Freelance Agent Evaluation Engineer

Job Overview

This position offers a unique opportunity for experienced software developers and engineers to work on AI-related projects as a Freelance Agent Evaluation Engineer. The role is based at Mindrift, a company that connects specialists with project-based AI opportunities for leading tech companies, specifically focused on testing, evaluating, and improving AI systems. The work will predominantly take place in Brazil and is structured on a freelance basis, meaning that it is project-based rather than permanent employment.

Responsibilities

As a Freelance Agent Evaluation Engineer, your main responsibility will include building a dataset to evaluate AI coding agents by creating practical tasks and evaluating how well these models perform real-world developer tasks. Your tasks and responsibilities will involve:

Creating challenging tasks within simulated environments. This includes building virtual companies following a high-level plan. You will need to define the codebase, infrastructure, and context required for a realistic environment that reflects development history.
Assembling and calibrating tasks using intermediate states of the virtual company.

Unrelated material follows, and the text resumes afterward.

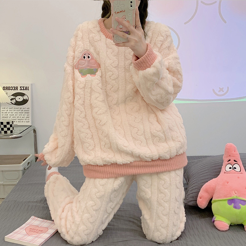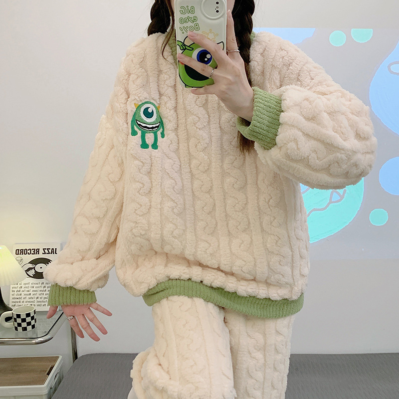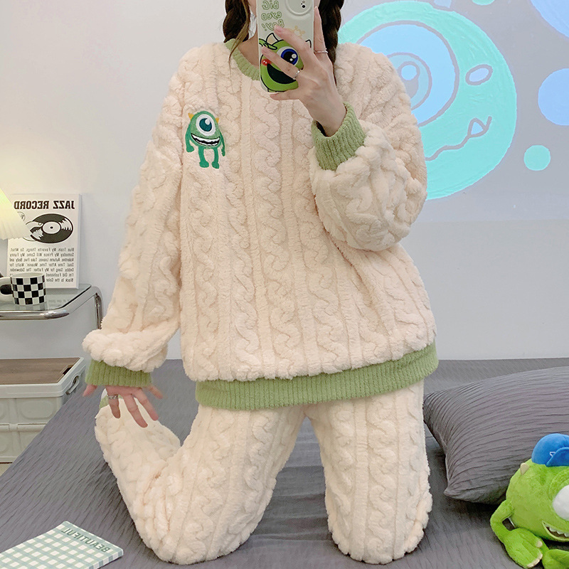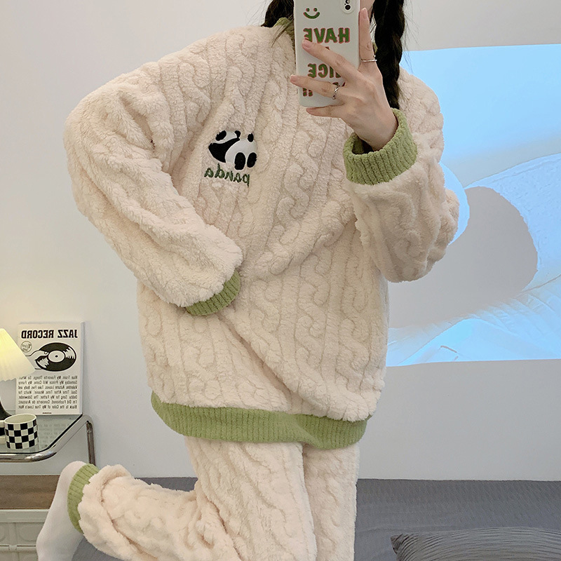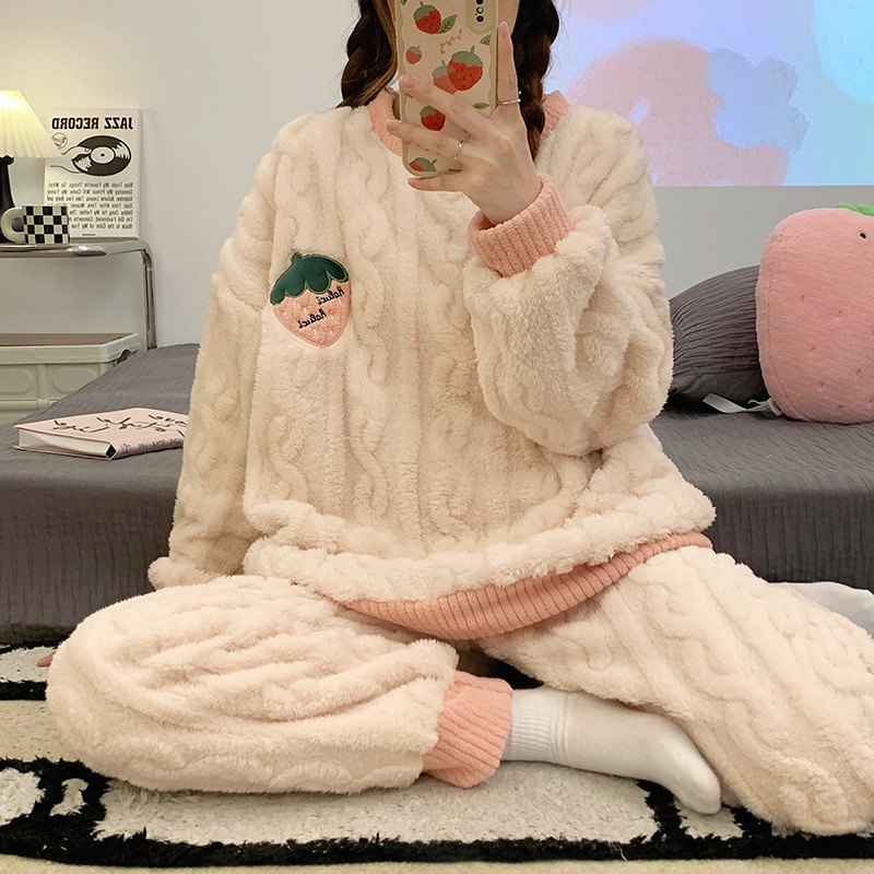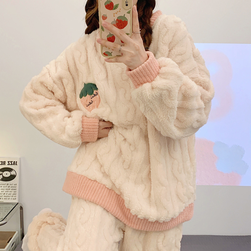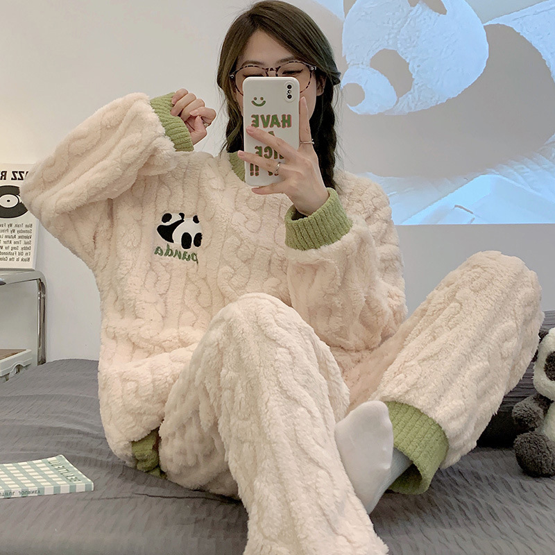 산호 양털 잠옷 여자의 겨울 긴 소매 2023 새로운 플란넬 두꺼운 따뜻한 봄과 가을 가정복 세트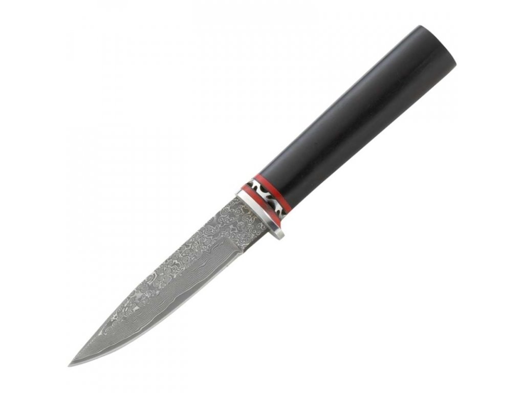 Krásný nůž s pevnou čepelí vyrobený z damascenské oceli o 35 vrstvách. Luxusní tmavé dřevo vystihuje elegantnost tohoto kousku. Rukojeť má v přední části dva červené kroužky G10 vyplněné ozdobným prstenem z nerezové oceli. Dodáváno včetně černého koženého pouzdra a dekorativní dárkovou krabičky.

You'll craft prompts, define evaluation criteria, and ensure that the tasks are both solvable and fair in terms of evaluation.
Designing tasks that simulate isolated environments like a developer's workstation. This will include setting up a Linux machine, development tools, and an entire web application codebase.
Writing tests to ensure accuracy, accepting all correct solutions while rejecting incorrect ones. It is crucial that tests are neither overly strict nor excessively lenient.
Reviewing code written by AI agents, analyzing the reasons for their success or failure, and designing various edge cases and adversarial scenarios to thoroughly evaluate the AI agents.
Iterating on feedback received from expert QA reviewers who will score your work according to established quality criteria.

What This Position Is NOT

It’s important to clarify that this role does not involve data labeling, prompt engineering, or writing code from scratch, as the AI agent is responsible for most of the coding. Instead, your role will focus on guiding and evaluating the AI's output.

Ideal Candidate Profile

The ideal candidate for this position should possess a firm foundation in software development and have an inclination toward AI testing. Here are the key qualifications we seek:

A degree in Computer Science, Software Engineering, or related fields.
At least 5 years of experience in software development, particularly with Python, including frameworks such as FastAPI and tools like pytest.
A background in full-stack development, including experience with React-based interfaces and robust backend systems.
Experience in writing tests (functional and integration) is essential, rather than simply running them.
Familiarity with Docker containers and infrastructure tools such as Postgres, Kafka, and Redis, as well as a good understanding of Continuous Integration and Continuous Deployment (CI/CD) processes, preferably with GitHub Actions.
Proficiency in English at the B2 level is required to communicate effectively and understand documentation.

Challenges of the Role

Creating tasks that effectively challenge frontier models is not a trivial endeavor. The complexity lies in understanding where AI models typically fail, as well as designing scenarios that exhibit the differences between valid and invalid solutions. Writing tests that can accurately evaluate multiple valid solutions while rejecting incorrect ones is also a challenging aspect of this role.

How the Process Works

The application process is simple and straightforward:

Apply for the position.
Go through qualification checks, if necessary.
Join a project once selected.
Complete assigned tasks.
Get paid upon successful submission.

Time Commitment

It is estimated that tasks within this context will require around 20 hours to complete, although this can vary depending on individual complexity. Importantly, freelancers can choose when and how to work. However, all tasks must meet the set deadlines and acceptance criteria to be considered valid and compensated.

Compensation Details

Compensation for this role is competitive and can reach up to $17 per hour, depending on the individual’s experience and the pace of contributions. The compensation structure may vary based on the scope and complexity of specific projects, as well as the required level of expertise.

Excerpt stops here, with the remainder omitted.